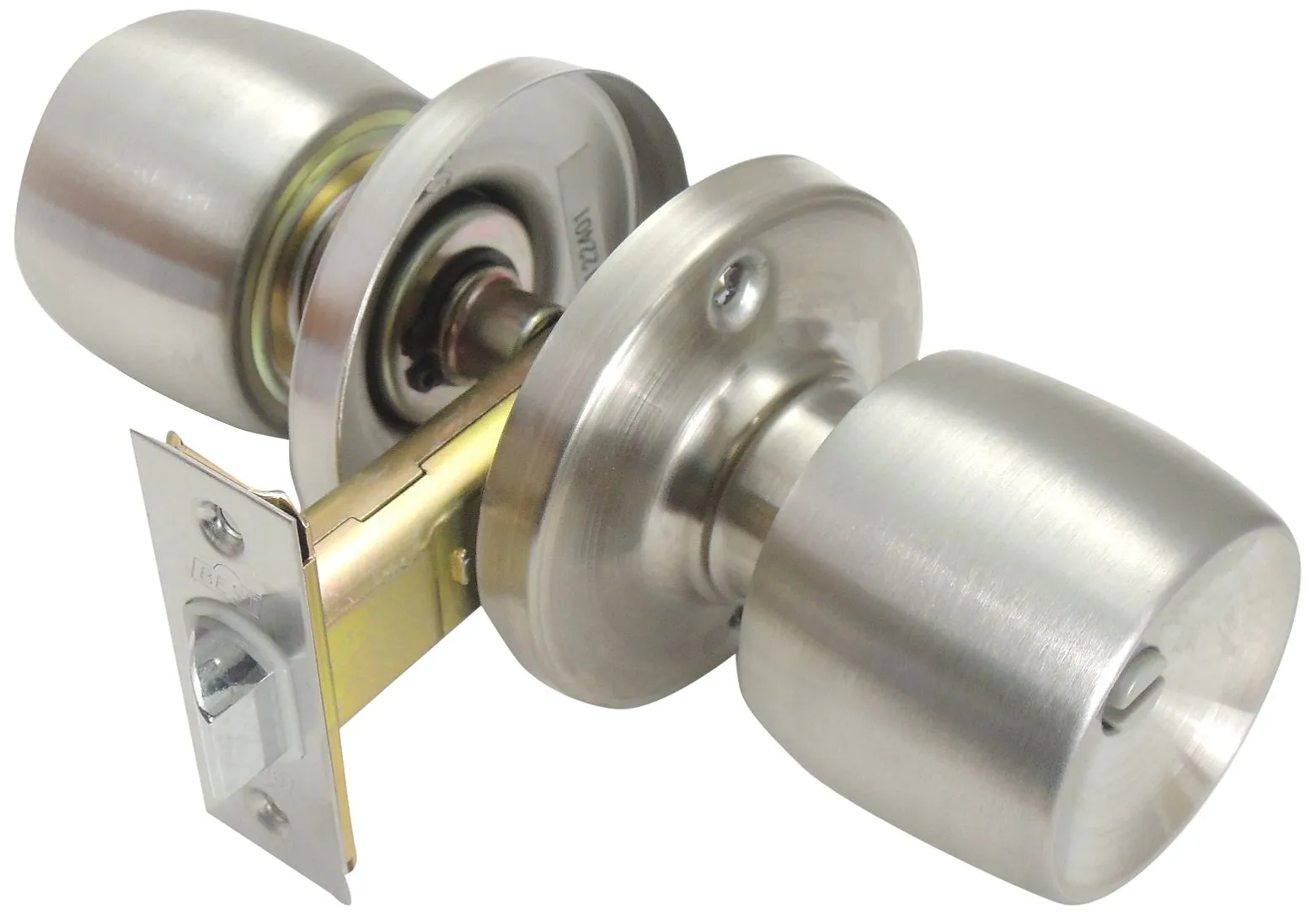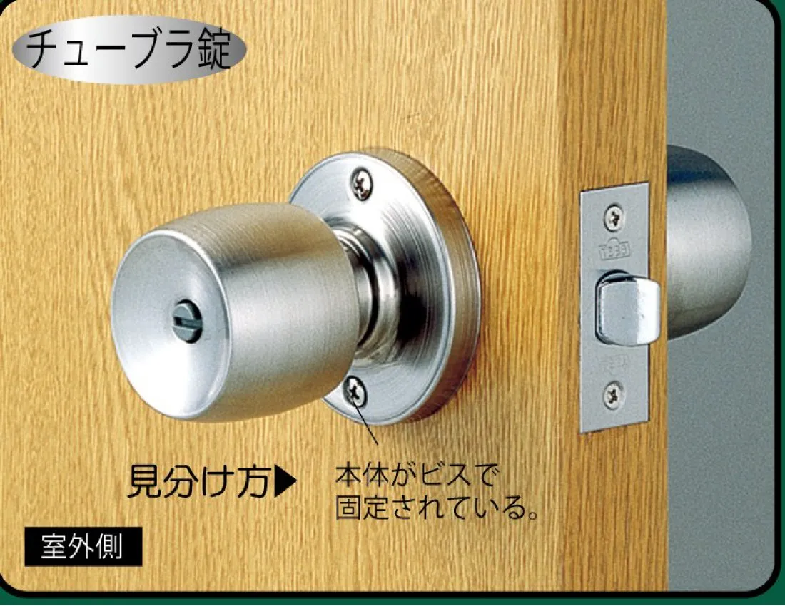 チェック1:錠前の種類がチューブラ錠(本体がビスで固定されています、ノブ又はレバーが通し芯で内外につながっています。)
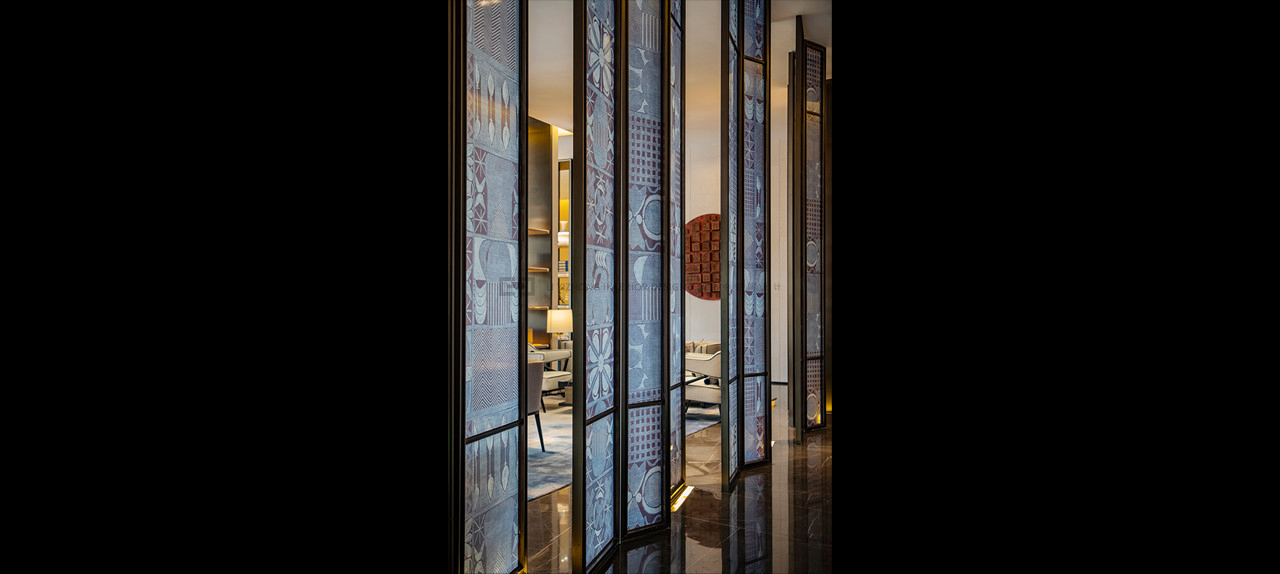 时光隧道,梦幻而神秘。石材上不规则的条形壁灯,照应在大理石上,反射出一条条婀娜多姿的形态,交相辉映,犹如置身在万花筒般的意境里,真真假假、模模糊糊。展现历史性与现代化的共生关系,就如行走在时空任意门的边缘。
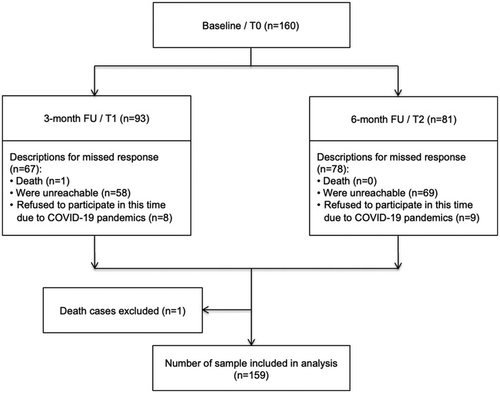 Of the 160 patients who completed the questionnaire at the baseline assessment, one patient died between T0 and T1 and was excluded from the analysis (Figure 1). Moreover, 93 (58.5%) and 81 (50.9%) respondents were willing to fill out the questionnaires (respondent retention) at T1 and T2, respectively. The common reasons for non-response at both follow-ups were being unreachable, with 36% at T1 and 43% at T2, and issues related to the COVID-19 pandemic, with 5% at T1 and 6% at T2 (Figure 1). The mean age of the patients was 50 ± 8.3 years at baseline. The majority of the patients lived in urban areas (72.3%), had a high school education (71.7%), were married (81.8%), and had a good mean KPS score (>65 points) (Table 1).
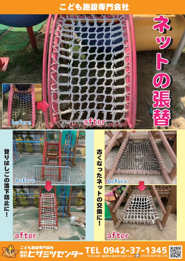 ネットの張り替え、新設!~安全安心な遊具へ 2026 1/06 チラシ 遊具のネット部分に、破れや擦り切れはありませんか? 子どもたちが元気いっぱい安全にあそべるように、安全基準に適した太さ&網目のネットに交換します。 また、階段や吊り橋などに、落下防止ネットの取り付けも行っております。 チラシ こども園 保育園 安全対策 幼稚園 遊具 遊具修繕 この他のチラシ・関連記事 サッカーゴール ネットのほつれや破れ、フレームにサビはありませんか? ステンレス製のすべり面にsHiコート塗装 遊具の移設・撤去で広くて安全な園庭へ 遊具安全点検のご案内 トイレ改修~使いやすく見守りやすい すなば消毒~いつも清潔な砂場で安全安心♪ 遊具安全点検プラス・点検報告例 砂場にカーポートパーゴラで暑さ対策
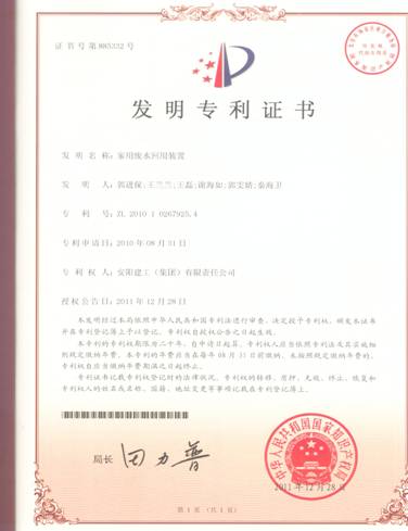 公司技術(shù)中心為實(shí)現(xiàn)企業(yè)發(fā)展規(guī)劃,為晉升特級(jí)企業(yè)做好基礎(chǔ)工作,根據(jù)施工總承包特級(jí)資質(zhì)有關(guān)要求,在發(fā)明專(zhuān)利方面深入挖掘課題,開(kāi)展相關(guān)工作,力爭(zhēng)使企業(yè)擁有核心技術(shù)。通過(guò)努力,發(fā)明專(zhuān)利“家用廢水回用裝置”經(jīng)中華人民共和國(guó)國(guó)家知識(shí)產(chǎn)權(quán)局專(zhuān)利法進(jìn)行審查,被授予發(fā)明專(zhuān)利證書(shū)。專(zhuān)利號(hào):ZL 2010 1 0267925.4,實(shí)現(xiàn)了發(fā)明專(zhuān)利領(lǐng)域零的突破。
_____
→ **Problem**: Copy the records above from the first line through the line containing "时光隧道,梦幻而神秘。石材上", both included, and leave out any pictures.

→ **Exercise solution**:
 チェック1:錠前の種類がチューブラ錠(本体がビスで固定されています、ノブ又はレバーが通し芯で内外につながっています。)
 时光隧道,梦幻而神秘。石材上不规则的条形壁灯,照应在大理石上,反射出一条条婀娜多姿的形态,交相辉映,犹如置身在万花筒般的意境里,真真假假、模模糊糊。展现历史性与现代化的共生关系,就如行走在时空任意门的边缘。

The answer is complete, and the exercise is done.